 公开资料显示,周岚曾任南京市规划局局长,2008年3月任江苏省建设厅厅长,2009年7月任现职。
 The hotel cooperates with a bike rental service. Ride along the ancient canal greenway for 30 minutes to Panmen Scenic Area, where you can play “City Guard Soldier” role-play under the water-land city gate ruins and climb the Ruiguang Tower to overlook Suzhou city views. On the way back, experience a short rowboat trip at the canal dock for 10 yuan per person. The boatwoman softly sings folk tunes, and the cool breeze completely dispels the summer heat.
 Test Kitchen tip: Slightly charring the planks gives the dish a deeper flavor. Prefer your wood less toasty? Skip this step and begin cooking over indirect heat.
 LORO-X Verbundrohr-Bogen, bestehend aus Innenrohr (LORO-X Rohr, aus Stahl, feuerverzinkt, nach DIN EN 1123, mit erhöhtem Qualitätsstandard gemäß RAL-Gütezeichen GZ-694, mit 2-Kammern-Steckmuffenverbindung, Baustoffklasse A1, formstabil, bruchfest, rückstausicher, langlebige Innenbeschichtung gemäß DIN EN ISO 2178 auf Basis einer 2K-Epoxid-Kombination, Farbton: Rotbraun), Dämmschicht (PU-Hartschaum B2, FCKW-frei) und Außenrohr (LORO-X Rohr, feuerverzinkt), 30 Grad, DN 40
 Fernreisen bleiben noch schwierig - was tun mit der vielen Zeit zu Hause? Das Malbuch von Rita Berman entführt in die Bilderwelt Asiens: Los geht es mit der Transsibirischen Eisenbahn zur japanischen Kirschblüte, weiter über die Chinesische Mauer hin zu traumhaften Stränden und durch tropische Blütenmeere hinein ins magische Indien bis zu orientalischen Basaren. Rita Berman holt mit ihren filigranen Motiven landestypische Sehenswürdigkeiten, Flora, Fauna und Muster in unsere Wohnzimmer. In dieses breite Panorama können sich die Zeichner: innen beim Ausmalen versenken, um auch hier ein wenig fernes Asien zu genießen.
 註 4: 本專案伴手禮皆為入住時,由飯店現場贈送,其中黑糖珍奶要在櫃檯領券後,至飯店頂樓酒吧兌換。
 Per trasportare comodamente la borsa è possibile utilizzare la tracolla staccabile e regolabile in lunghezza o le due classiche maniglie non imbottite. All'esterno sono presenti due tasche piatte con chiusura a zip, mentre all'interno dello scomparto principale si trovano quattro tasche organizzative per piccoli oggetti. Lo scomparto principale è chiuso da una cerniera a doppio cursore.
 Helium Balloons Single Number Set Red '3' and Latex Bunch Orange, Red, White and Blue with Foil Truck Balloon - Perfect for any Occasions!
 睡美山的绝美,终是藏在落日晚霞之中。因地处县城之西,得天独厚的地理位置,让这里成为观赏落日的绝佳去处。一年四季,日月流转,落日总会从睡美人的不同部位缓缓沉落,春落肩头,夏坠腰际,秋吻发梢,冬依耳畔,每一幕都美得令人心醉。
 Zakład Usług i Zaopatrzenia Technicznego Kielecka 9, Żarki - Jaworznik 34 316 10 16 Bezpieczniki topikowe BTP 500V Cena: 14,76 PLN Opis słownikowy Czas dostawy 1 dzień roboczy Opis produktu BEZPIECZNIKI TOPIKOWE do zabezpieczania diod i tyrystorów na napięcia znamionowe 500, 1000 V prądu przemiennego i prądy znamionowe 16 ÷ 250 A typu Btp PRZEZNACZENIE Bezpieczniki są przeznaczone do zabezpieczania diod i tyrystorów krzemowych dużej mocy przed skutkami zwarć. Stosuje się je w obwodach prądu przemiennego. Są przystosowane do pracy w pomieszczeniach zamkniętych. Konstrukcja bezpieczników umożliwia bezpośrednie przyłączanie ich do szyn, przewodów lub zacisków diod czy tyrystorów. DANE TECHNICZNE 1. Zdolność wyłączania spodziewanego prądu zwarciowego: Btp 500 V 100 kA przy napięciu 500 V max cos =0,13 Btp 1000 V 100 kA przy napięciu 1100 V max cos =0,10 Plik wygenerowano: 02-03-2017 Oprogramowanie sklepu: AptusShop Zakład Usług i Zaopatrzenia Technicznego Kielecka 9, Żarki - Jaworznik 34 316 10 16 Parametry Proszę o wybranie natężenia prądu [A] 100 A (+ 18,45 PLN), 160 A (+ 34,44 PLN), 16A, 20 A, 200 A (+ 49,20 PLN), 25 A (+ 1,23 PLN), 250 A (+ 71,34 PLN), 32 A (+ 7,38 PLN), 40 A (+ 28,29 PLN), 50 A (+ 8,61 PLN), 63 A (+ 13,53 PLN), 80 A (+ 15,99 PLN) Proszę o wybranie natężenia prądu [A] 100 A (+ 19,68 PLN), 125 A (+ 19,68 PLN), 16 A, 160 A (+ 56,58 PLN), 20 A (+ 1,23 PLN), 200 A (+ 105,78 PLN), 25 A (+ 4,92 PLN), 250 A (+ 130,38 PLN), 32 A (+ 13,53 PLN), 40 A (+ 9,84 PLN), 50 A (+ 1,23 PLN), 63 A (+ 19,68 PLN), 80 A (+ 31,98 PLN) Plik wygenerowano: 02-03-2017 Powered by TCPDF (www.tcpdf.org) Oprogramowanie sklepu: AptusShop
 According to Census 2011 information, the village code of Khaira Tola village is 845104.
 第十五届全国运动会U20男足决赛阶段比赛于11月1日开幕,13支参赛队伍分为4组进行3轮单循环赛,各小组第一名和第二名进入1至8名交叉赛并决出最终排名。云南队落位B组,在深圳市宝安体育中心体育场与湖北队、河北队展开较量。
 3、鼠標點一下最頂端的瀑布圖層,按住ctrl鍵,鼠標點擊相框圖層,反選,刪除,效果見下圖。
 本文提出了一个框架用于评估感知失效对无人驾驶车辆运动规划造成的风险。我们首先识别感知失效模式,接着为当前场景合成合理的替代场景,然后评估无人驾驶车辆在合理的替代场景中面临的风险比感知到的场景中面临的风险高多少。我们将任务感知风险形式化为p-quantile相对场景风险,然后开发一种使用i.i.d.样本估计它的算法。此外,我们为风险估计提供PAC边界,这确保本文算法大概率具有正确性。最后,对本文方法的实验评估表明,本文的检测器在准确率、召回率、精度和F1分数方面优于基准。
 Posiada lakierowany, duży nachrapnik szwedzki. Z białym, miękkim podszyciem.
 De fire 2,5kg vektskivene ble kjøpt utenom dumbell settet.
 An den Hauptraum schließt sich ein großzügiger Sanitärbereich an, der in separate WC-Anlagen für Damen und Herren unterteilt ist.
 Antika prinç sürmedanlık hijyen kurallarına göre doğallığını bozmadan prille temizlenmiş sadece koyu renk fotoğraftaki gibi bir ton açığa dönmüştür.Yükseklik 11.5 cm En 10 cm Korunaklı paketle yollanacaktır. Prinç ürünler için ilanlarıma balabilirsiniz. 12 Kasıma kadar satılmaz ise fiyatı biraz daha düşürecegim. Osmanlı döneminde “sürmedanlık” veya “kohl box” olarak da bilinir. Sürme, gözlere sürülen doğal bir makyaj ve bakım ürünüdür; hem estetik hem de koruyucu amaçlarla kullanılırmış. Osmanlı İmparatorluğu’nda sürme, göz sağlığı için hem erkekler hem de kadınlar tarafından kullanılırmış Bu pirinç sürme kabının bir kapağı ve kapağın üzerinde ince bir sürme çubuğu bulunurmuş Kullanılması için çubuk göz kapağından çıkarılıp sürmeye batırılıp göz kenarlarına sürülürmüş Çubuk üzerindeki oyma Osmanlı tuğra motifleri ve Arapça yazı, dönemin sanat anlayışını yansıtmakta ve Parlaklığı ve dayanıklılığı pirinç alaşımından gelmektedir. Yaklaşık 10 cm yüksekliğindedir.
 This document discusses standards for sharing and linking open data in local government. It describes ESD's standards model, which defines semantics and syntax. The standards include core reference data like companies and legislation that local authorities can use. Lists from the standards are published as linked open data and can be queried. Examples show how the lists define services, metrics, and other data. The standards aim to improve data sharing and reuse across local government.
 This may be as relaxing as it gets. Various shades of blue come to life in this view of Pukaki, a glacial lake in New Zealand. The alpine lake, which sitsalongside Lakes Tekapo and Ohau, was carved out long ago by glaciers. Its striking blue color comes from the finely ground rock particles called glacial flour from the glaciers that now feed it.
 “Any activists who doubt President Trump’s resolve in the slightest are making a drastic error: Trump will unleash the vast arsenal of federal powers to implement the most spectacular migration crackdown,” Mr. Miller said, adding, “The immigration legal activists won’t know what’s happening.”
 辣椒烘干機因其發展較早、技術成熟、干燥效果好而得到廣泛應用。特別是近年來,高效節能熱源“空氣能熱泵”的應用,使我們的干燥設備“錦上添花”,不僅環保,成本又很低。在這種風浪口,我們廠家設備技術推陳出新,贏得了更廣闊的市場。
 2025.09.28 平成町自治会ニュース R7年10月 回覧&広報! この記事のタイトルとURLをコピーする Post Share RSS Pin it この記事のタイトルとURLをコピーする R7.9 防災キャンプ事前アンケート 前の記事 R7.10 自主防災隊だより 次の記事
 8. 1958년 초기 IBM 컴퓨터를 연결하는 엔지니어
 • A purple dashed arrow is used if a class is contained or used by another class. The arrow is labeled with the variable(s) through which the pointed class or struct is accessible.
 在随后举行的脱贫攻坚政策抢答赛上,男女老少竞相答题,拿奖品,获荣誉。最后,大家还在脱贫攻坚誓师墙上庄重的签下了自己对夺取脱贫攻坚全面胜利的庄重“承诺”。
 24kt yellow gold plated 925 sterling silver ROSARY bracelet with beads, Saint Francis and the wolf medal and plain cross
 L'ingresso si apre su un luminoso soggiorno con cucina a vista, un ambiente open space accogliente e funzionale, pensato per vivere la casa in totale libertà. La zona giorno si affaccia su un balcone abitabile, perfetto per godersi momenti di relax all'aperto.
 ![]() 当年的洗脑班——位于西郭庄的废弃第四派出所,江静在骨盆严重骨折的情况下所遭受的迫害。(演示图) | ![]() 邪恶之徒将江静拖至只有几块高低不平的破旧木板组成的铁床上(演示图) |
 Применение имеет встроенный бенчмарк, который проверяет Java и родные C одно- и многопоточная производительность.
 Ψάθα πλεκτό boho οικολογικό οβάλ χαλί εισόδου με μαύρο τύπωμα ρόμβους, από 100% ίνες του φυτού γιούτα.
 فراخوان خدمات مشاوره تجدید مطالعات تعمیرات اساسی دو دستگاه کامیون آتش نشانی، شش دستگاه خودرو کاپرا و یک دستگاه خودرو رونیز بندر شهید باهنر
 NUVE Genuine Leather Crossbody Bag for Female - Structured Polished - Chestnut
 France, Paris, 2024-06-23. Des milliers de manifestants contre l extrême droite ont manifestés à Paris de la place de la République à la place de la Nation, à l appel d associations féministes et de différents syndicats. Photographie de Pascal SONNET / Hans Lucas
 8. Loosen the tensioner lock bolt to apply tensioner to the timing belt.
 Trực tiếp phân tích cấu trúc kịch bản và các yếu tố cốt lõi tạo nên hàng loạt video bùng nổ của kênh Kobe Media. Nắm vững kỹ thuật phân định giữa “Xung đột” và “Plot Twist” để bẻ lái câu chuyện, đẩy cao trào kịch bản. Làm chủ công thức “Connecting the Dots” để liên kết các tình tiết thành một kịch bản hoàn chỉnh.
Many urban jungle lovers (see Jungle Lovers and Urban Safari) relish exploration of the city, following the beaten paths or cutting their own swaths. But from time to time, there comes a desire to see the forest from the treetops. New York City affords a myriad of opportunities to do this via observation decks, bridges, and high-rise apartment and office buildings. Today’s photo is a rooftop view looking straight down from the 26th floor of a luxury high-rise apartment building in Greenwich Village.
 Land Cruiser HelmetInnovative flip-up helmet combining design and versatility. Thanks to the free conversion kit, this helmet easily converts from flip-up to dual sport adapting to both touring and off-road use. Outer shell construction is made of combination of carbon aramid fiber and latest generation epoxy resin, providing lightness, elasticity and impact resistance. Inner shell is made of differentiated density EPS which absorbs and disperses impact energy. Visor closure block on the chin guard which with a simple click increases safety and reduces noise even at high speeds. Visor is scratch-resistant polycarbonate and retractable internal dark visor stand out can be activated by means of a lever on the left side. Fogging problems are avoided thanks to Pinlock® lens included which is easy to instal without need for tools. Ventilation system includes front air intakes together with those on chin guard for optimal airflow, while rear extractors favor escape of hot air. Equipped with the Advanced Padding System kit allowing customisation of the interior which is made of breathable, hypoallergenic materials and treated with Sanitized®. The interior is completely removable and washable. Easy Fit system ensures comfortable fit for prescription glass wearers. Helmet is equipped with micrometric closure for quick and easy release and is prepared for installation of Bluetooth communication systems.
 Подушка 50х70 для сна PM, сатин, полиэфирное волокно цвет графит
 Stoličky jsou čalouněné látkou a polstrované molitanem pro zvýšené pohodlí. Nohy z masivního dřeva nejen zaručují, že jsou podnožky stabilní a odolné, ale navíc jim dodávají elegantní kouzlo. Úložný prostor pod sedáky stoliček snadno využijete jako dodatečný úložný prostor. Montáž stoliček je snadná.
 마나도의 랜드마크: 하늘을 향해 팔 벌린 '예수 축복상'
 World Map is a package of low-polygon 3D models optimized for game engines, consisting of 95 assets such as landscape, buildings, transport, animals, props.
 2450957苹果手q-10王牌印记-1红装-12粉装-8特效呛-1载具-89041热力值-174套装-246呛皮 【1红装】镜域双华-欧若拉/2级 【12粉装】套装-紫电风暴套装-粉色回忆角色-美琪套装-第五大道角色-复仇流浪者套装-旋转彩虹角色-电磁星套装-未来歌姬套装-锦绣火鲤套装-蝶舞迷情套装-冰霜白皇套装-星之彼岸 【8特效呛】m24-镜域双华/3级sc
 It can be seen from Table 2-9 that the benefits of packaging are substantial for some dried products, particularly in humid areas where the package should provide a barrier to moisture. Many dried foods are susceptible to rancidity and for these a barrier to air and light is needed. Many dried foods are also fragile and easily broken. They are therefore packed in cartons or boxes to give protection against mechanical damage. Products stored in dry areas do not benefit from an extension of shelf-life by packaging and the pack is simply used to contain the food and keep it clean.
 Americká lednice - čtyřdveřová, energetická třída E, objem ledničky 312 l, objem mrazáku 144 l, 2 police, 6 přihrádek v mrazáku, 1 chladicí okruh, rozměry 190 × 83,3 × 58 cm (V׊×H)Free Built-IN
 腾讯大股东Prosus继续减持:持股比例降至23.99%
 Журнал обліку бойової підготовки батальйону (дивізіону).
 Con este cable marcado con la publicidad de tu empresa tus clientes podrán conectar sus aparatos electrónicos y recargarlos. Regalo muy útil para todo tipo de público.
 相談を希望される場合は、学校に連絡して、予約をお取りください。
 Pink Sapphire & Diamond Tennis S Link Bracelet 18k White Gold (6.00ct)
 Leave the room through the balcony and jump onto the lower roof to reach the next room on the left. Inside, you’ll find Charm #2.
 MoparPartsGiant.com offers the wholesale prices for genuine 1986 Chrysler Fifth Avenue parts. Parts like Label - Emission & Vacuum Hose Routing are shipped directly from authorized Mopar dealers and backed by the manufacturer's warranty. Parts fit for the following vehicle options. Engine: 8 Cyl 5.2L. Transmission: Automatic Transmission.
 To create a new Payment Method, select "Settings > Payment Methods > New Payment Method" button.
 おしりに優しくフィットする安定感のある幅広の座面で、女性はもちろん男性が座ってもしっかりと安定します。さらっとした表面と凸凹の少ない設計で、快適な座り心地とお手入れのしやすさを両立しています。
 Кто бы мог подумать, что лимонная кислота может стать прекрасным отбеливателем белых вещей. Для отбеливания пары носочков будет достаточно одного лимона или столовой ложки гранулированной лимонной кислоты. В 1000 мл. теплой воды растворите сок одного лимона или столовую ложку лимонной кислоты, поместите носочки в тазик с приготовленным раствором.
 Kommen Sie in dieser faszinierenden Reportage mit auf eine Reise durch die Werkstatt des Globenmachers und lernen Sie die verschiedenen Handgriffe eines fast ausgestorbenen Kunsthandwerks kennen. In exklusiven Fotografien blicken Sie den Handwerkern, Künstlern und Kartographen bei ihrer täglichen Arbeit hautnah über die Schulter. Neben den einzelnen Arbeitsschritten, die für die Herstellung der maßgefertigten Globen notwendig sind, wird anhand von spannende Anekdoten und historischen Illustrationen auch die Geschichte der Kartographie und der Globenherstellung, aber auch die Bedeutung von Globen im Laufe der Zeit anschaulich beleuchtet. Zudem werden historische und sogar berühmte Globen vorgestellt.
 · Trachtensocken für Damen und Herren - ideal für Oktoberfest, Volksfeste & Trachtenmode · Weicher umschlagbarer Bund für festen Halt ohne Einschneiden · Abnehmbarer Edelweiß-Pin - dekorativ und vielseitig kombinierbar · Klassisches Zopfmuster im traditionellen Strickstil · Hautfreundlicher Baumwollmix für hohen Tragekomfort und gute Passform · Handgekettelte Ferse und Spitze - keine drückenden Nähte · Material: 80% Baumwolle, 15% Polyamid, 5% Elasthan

------

EXERCISE REQUIREMENTS =
For the word "White", tally the lines of the entries in which it appears and give the total alone.

ANSWER BELOW =
2